Ellen Cobb

Personal information
- Nationality: British
- Born: 14 December 1940 (age 85)
- Occupation: Judoka

Sport
- Sport: Judo
- Weight class: +72 kg

Medal record
Representing Great Britain
European Championships
| Bronze medal – third place | 1975 Munich | -72kg |
| Bronze medal – third place | 1976 Vienna | +72kg |

Profile at external databases
- JudoInside.com: 4916

= Ellen Cobb =

British judoka (born 1940)

Ellen Cobb (born 14 December 1940) is a retired British judoka and a massage therapist.

==Career==
Cobb began her judo training around 1965. She competed successfully in both national and international judo competitions and primarily ran matches in the over-72 kilograms weight class. An article in the UK Judo magazine credits her with being the first female British judoka to earn a gold medal in international competition, after Cobb placed first in a 1972 event in Belgrade.
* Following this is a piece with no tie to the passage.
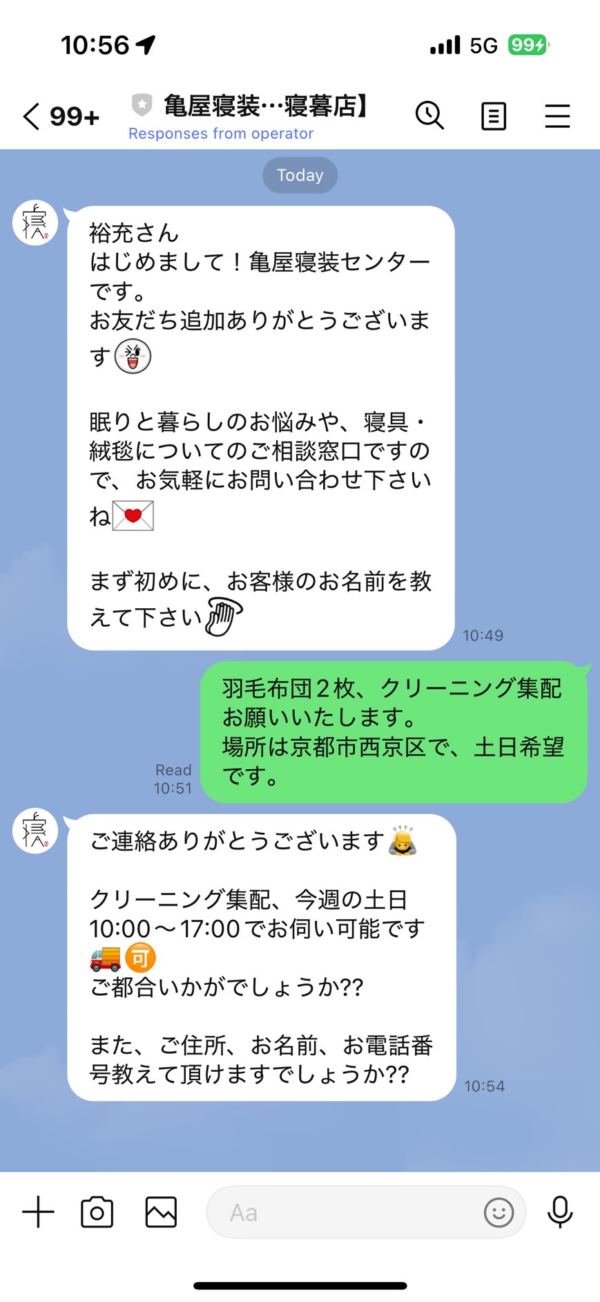 下記より友だち追加してメッセージにて、「布団の種類と枚数・場所・希望日時」をお送り下さい。

She won medals at two European Judo Championships, placing third in 1975 in the Half Heavyweight category, and second in 1976 in the Heavyweight category. As of 2015, she holds the record for oldest female medal winner in the European Judo Championships at the age of 35 in 1976.

During 1977, Cobb was a full-time judo instructor. and she became champion of Great Britain, winning the heavyweight division at the British Judo Championships. On 20 January 2002, she was promoted to 8th Dan.

Since retiring from judo competition in the 1980s, Cobb has trained in multiple types of massage therapy, including Bowen technique, and now operates her own therapy centre in Hampshire, England.